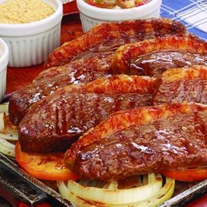 Carne, Frango, Porco e Linguiça. Acompanha com Farofa e Molho
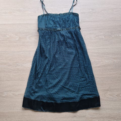 Størrelse M. Veldig fin kjole som kun har vært brukt 2 ganger, men ikke helt meg. Så håper den heller kan glede noen andre fremfor å bare henge i skapet.
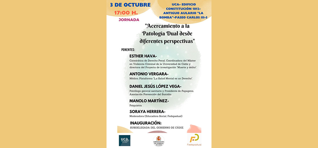 La Federación Nacional de Patología Dual celebra el próximo jueves 3, a las 17 horas, una jornada sobre ‘Acercamiento a la Patología Dual desde diferentes perspectivas’ en la sala Argüelles del edificio Constitución 1812. Se enmarca en el ciclo ‘Miradas con Lupa’ de la oficina de Acción Social y Solidaria del Vicerrectorado de Sostenibilidad y Cultura de la Universidad de Cádiz. El acto inaugural contará con la presencia de la subdelegada del Gobierno de Cádiz, Blanca Flores.

- Activity
Exactly repeat the data above; the pictures do not belong in your copy.

- Written answer
 Carne, Frango, Porco e Linguiça. Acompanha com Farofa e Molho
 Størrelse M. Veldig fin kjole som kun har vært brukt 2 ganger, men ikke helt meg. Så håper den heller kan glede noen andre fremfor å bare henge i skapet.
 La Federación Nacional de Patología Dual celebra el próximo jueves 3, a las 17 horas, una jornada sobre ‘Acercamiento a la Patología Dual desde diferentes perspectivas’ en la sala Argüelles del edificio Constitución 1812. Se enmarca en el ciclo ‘Miradas con Lupa’ de la oficina de Acción Social y Solidaria del Vicerrectorado de Sostenibilidad y Cultura de la Universidad de Cádiz. El acto inaugural contará con la presencia de la subdelegada del Gobierno de Cádiz, Blanca Flores.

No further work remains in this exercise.